5 Steps Before Renting Rooms In Primary Residences

a houseThe following post is a guest post from Tali Wee at Zillow.

Many homeowners at one point or another consider renting out rooms in their houses to help pay for their mortgages. In theory, earning money for unused space is an advantageous opportunity. However, renting out a room in a primary residence involves taking legal precautions, increasing insurance premiums and preparing for potential personality or lifestyle conflicts between roommates. Although, when homeowners are tight on cash, renting rooms can be the perfect solution.

Homeowners considering renting rooms or units in their primary residences should check off these five steps before inviting strangers into their homes.

1. Legality

Homeowners should research their local municipal websites to gather information about current renting regulations. Depending on the location of properties, different zoning applies allowing or prohibiting homeowners from renting. Some areas allow room rentals, but not divided rentals with separate kitchens and bathrooms. Relatives may be legal, but other tenants forbidden. Plus, laws might require rental inspections and registration before tenancy. Rental stipulations are also written into mortgage terms, specifying whether homeowners can live on site.

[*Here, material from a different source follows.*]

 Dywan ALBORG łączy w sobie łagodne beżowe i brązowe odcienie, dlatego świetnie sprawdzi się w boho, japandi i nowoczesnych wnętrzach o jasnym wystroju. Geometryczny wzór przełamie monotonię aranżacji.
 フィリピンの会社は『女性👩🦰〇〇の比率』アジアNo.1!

Further, if all regulations are cleared, homeowners should contact their homeowners insurance representatives. Some owners may need to acquire landlord insurance to protect properties from damages caused by tenants. Additionally, homeowners may need to notify future tenants that they’ll need to purchase renter’s insurance to protect their own possessions.

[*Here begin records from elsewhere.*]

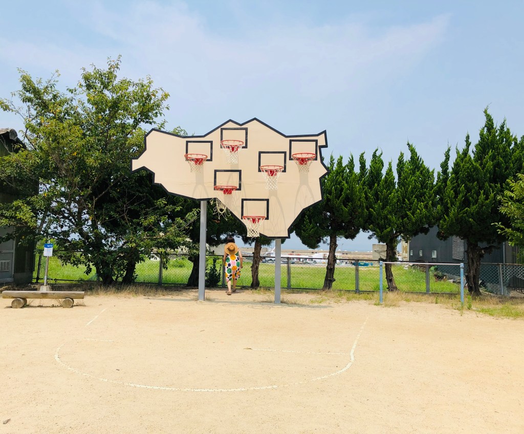 吃飽之後,還有一點時間,想說也把附近的藝術景點看一看,來到很有名的無人勝出─多重籃框,籃球框旁邊有提供籃球讓大家投籃,但真的正中午太熱了,而且也有別的旅客在投球,我們只有拍了到此一遊照就離開了。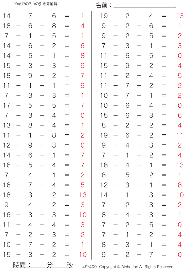 19までの3つの引き算 [解答]049/400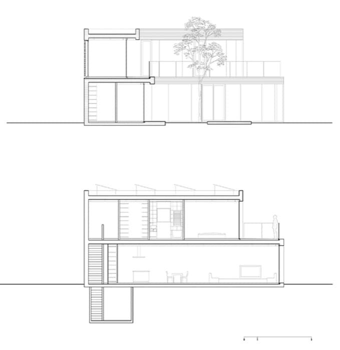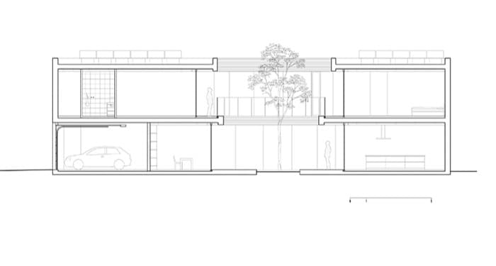 Un bello detalle es que el suelo del interior continúa hacia el patio. De esta manera convierte el patio como una extensión de la vivienda. Se supone que en días de lluvia y viento, ni siquiera el agua va a entrar bajo las puertas de salida al patio. Decimos esto porque esta fachada está protegida por el voladizo del piso superior. En este sentido, la doble puerta que hay en la biblioteca, es el punto más vulnerable (ver plano de planta baja).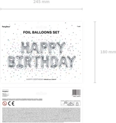 Decoratieve folieballonnen met de tekst HAPPY BIRTHDAY creëren direct een feestelijke sfeer. Het glanzende zilveren oppervlak weerkaatst prachtig het licht en past bij de meeste kleurcombinaties en thema’s voor verjaardagsdecoratie.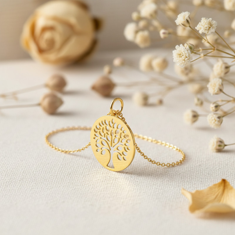 Alors découvrez ce sublime modèle signé Emanessence et réalisé entièrement en or jaune 750/1000 (18K). Cette médaille de baptême au style chic et intemporel vous accompagnera partout ou vous irez. En effet, elle nous dévoile, par le biais de plusieurs motifs ajourés, un magnifique arbre de vie. Un modèle stylisé et minimaliste, chargé en significations. L'arbre de vie est un symbole présent dans les différentes religions. Il incarne le plus souvent l'immortalité et la rédemption, et attire également la chance, la paix et l'amour. C'est un véritable porte-bonheur qui fera un cadeau parfait à offrir lors d'une occasion spéciale, comme un anniversaire, une naissance ou encore une cérémonie religieuse. En ce qui concerne ses dimensions, la médaille mesure 15 mm de diamètre et possède un poids d'or moyen de 0,55 gramme.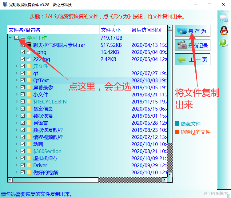 步骤3:勾选所有需要恢复的文件,接着点右上角的《另存为》按钮,将勾选的文件拷贝出来。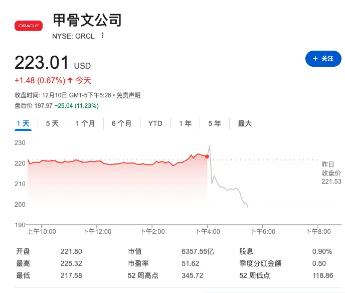 甲骨文业绩不及预期,资本开支比预期多约150亿美元,盘后重挫超10%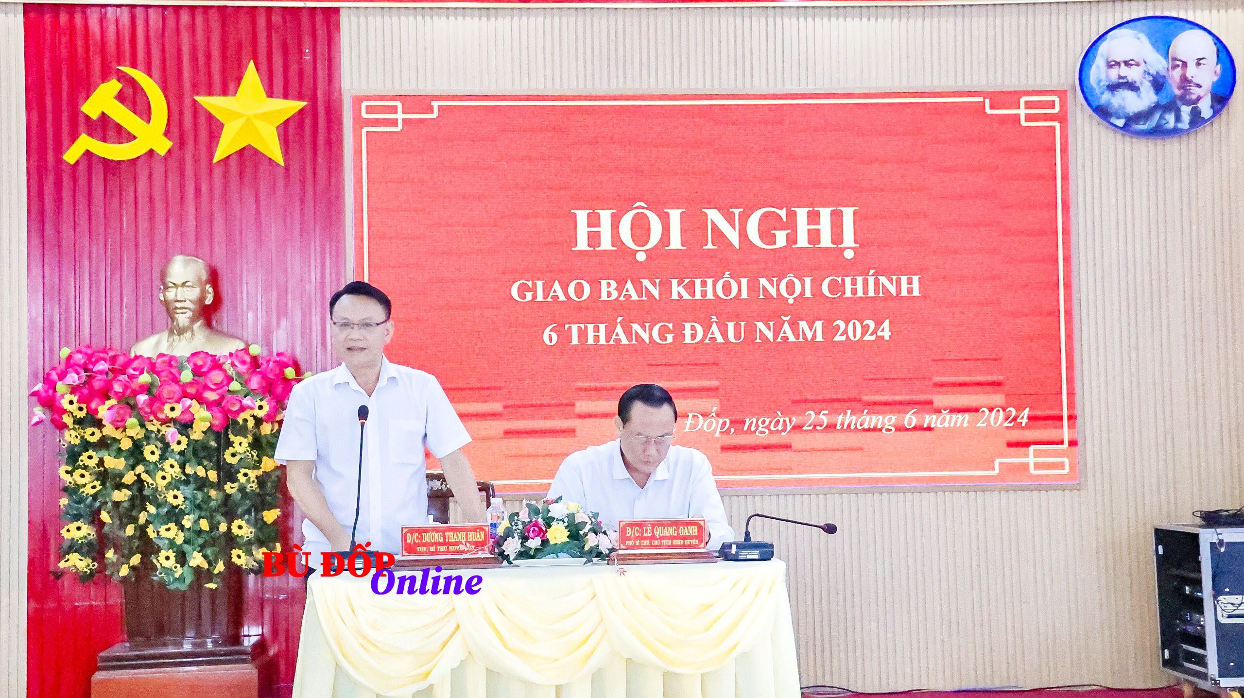 Chiều ngày 25-6, Huyện ủy Bù Đốp tổ chức hội nghị giao ban khối nội chính 6 tháng đầu năm, triển khai nhiệm vụ trọng tâm 6 tháng cuối năm 2024. Tỉnh ủy viên, Bí thư Huyện ủy Dương Thanh Huân; Phó bí thư, Chủ tịch UBND huyện Lê Quang Oanh đồng chủ trì hội nghị.

Lastly, homeowners running rental businesses should contact their accountants to file taxes accordingly.

2. Preparations

Once homeowners know the legal regulations for rental spaces in their communities, they may need to make improvements to meet requirements. Ensure all upgrades are built to code and properly permitted.

Before remodeling, homeowners should carefully consider the most comfortable layouts for shared living. Many owners prefer to split space where tenants reside on one floor and owners on the other. Consider potential for basement rentals, second-level units, backyard cottages or mother-in-law suites.

3. Tenants

Most importantly, owners should lease space to tenants they feel comfortable welcoming into their homes. Traditionally, first-time landlords reach out to family to see if a natural-fitting relative is looking for rentals. However, renting property is a business transaction and friends and family are more likely to take advantage of the opportunity because agreements are looser and consequences are light. As long as owners can find tenants they’d feel comfortable living with, it’s best to avoid friends and family.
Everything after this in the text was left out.